→ **GIVEN MATERIAL**

_ _ _ _ _

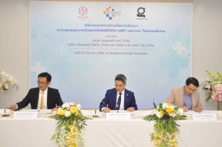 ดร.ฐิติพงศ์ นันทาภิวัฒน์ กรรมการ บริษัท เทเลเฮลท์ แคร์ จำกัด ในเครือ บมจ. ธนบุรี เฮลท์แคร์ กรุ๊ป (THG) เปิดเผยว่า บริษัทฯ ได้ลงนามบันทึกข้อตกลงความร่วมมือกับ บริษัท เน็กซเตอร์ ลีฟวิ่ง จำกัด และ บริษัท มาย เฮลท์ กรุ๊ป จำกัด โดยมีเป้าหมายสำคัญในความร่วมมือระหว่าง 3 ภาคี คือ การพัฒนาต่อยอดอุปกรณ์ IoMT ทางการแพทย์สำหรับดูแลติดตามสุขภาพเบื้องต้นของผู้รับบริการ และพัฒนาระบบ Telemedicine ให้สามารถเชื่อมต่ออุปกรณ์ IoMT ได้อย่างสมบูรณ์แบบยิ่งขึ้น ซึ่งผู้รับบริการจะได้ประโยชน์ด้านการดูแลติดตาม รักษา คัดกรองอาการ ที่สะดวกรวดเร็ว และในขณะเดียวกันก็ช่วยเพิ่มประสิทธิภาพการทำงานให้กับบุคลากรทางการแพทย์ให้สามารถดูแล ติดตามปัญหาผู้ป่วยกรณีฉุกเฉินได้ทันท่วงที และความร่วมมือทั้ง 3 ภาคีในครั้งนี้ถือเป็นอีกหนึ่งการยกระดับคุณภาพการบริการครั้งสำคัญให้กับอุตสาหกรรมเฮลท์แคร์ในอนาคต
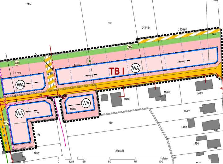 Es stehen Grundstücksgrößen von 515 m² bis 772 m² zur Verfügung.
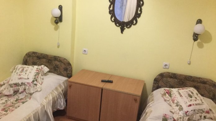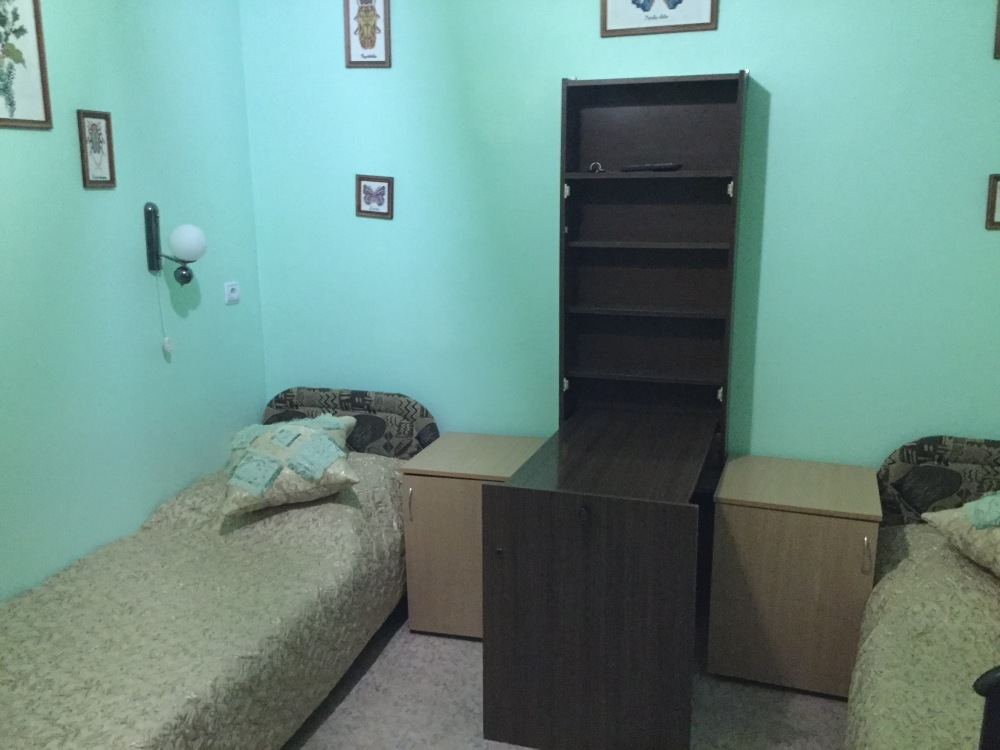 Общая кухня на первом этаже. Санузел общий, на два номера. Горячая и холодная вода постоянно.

_ _ _ _ _

→ **BRIEF**
Your task is to copy word for word the lines from the line containing "Es stehen Grundstücksgrößen" to the end of the listing, both included, and to drop any pictures.

→ **SOLUTION TO THIS PROBLEM**
 Es stehen Grundstücksgrößen von 515 m² bis 772 m² zur Verfügung.
 Общая кухня на первом этаже. Санузел общий, на два номера. Горячая и холодная вода постоянно.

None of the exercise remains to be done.